Traditional telecom and pay-TV operators are facing severe competitive threat at present where success depends largely on technical superiority, quality of services and scalability. Several tech giants like Alphabet, Facebook and Amazon have entered the telecom-media space. Cut-throat pricing competition has put pressure on margins.

ETFs in Focus

Needless to say, if such a big deal comes under scrutiny, it will invariably put ETFs heavy on AT&T and Time Warner in focus. Investors interested to take position on the basis of this deal could consider the ETFs mentioned below. These products could see elevated trading volumes ahead.

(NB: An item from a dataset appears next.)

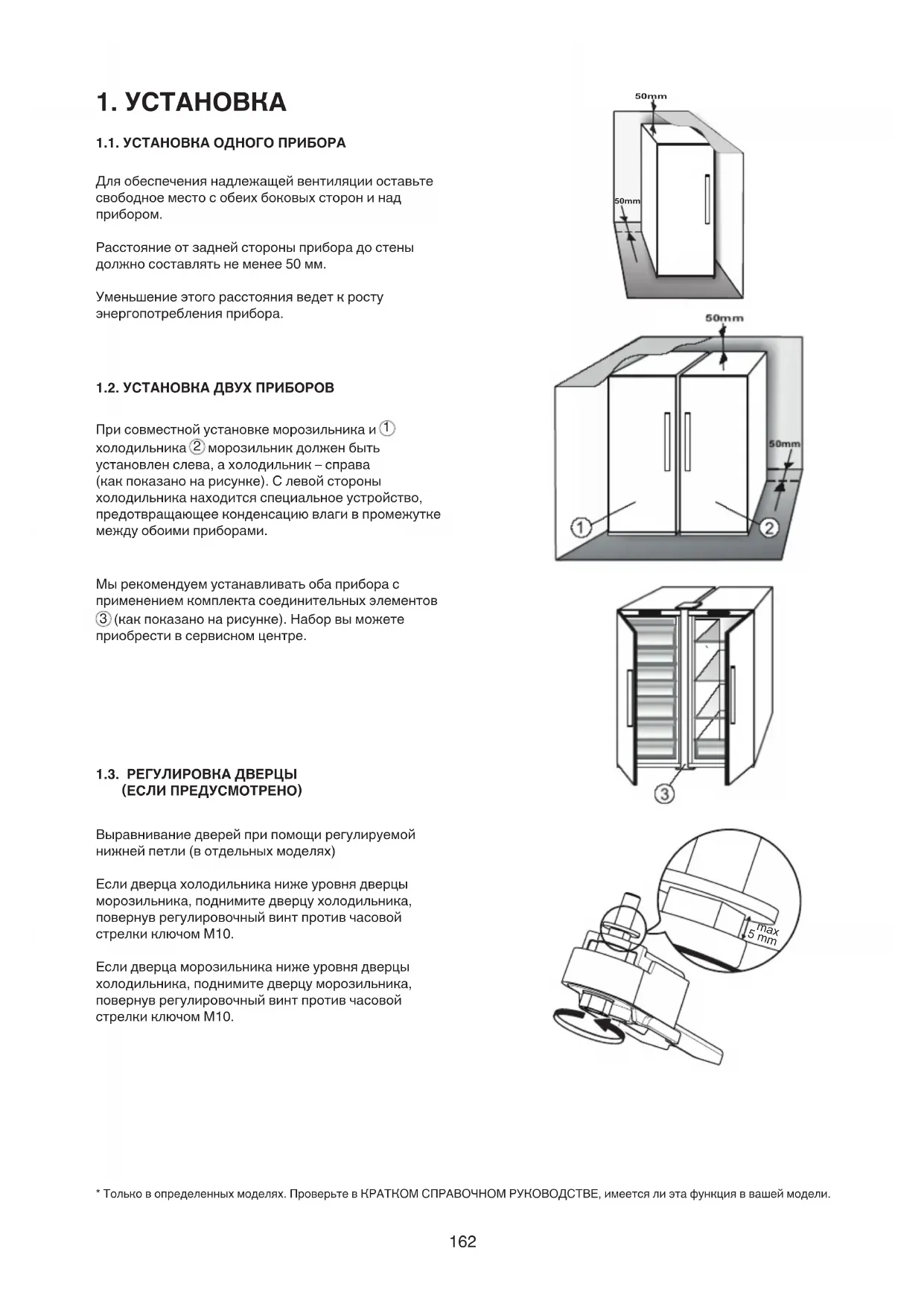 (какпоказанонарисунке).Наборвыможете приобрестивсервисномцентре. 1.3. РЕГУЛИРОВКА ДВЕРЦЫ (ЕСЛИ ПРЕДУСМОТРЕНО) Выравниваниедверейприпомощирегулируемой нижнейпетли(вотдельныхмоделях) Еслидверцахолодильниканижеуровнядверцы морозильника,поднимитедверцухолодильника, повернуврегулировочныйвинтпротивчасовой стрелкиключомM10. Еслидверцаморозильниканижеуровнядверцы холодильника,поднимитедверцуморозильника, повернуврегулировочныйвинтпротивчасовой стрелкиключомM10. *Тольковопределенныхмоделях.ПроверьтевКРАТКОМСПРАВОЧНОМРУКОВОДСТВЕ,имеетсялиэтафункцияввашеймодели. 50mm 50mm 5 mm max163

PowerShares Dynamic Media Portfolio ETF

This fund tracks the Dynamic Media Intellidex Index. The ETF holds a small basket of 30 media stocks with TWX taking the fourth spot in the fund with about 5.1% weight. The product has amassed $84.1 million in its asset base while trading in light volume of about 20,000 shares a day. The ETF charges 61 bps in annual fees and has a Zacks ETF Rank of 3 or ‘Hold’ rating with a Medium risk outlook (read: Halloween Less Scary This Year: 4 ETF Treats)

PowerShares Dynamic Leisure and Entertainment Portfolio ETF (PEJ - Free Report)

This fund tracks the Dynamic Leisure and Entertainment Intellidex Index and holds a small basket of 30 companies. Here, TWX takes the fourth position with 5.1% weight at the third spot. The ETF has amassed $148.1 million in its asset base and trades in volume of around 40,000 shares a day on average. Expense ratio came in at 0.61%. PEJ has a Zacks ETF Rank of 2 or ‘Buy’ rating with a High risk outlook.

Fidelity MSCI Telecom Services ETF (FCOM - Free Report)
 
This ETF tracks the performance of the MSCI USA IMI Telecommunication Services 25/50 Index. The fund manages assets worth nearly $131.5 million and has an average trading volume of roughly 50,000 shares a day. The fund charges an expense ratio of 8.4 basis points a year. The fund holds 31 stocks., AT&T is among the top three individual holdings with asset allocation of 22.5%. The product currently has a Zacks ETF Rank #4 or ‘Sell’ rating with a Medium risk outlook (read: Telecom ETFs in Red Following Mixed Earnings).

Vanguard Telecommunication Services ETF (VOX - Free Report)
 
This ETF seeks to track the performance corresponding to the benchmark MSCI US Investable Market Telecommunication Services 25/50 Index. It has assets under management of nearly $1.5 billion and an average trading volume of roughly 194,000 shares a day. The fund charges an expense ratio of 10 basis points a year.
 
The fund holds 30 stocks in its portfolio and AT&T takes the top positon with 22.7% exposure. The fund currently has a Zacks ETF Rank #4 with a Medium risk outlook.

iShares Global Telecomm ETF (IXP - Free Report)
 
This ETF tracks the S&P Global 1200 Telecommunications Services Sector Index. The fund has nearly $306.6 million of assets under management and an average trading volume of roughly 30,000 shares a day. The fund charges an expense ratio of 48 basis points a year. The fund holds 33 stocks in its portfolio and AT&T has the top spot with 20.1% exposure. IXP currently has a Zacks ETF Rank #4 with a Medium risk outlook (see: all Telecommunication ETFs here).